Morrow, Gottwalt resignations highlight problem; is establishing a pay commission the answer?
Fritz Knaak remembers tripling his billings at his law firm in 1992, the year the Republican state senator from White Bear Lake decided to retire from politics.
Before that, Knaak’s partners at his firm were more than happy to take the extra clients he had to turn down during the decade he served in the state Senate. But Knaak got married during his first five years in the chamber, and eventually the $27,000 yearly salary for lawmakers plus the time commitment required for the job just didn’t add up. “If you do the job right, it takes a huge amount of time and there has to be some consideration for that,” Knaak said. “I had two full-time jobs, and only one that paid me well. It’s very time consuming, and people don’t realize the stresses it causes to a marriage and your family.”

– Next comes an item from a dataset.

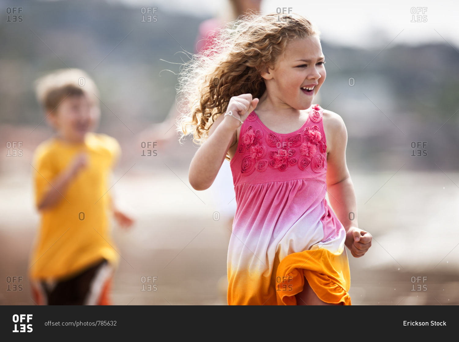 Brother and sister running along the beach.

Legislator pay in Minnesota is a perennial problem. All elected members of the Legislature are paid a $31,140 yearly salary with a special $12,456 annual bonus for those in leadership positions. That number hasn’t gone up since 1999, and daily per diem payments of $96 a day for senators and $77 for House members have only changed a handful of times since then. Even lawmakers’ assistants have a higher salary than they do, starting at $32,368 a year.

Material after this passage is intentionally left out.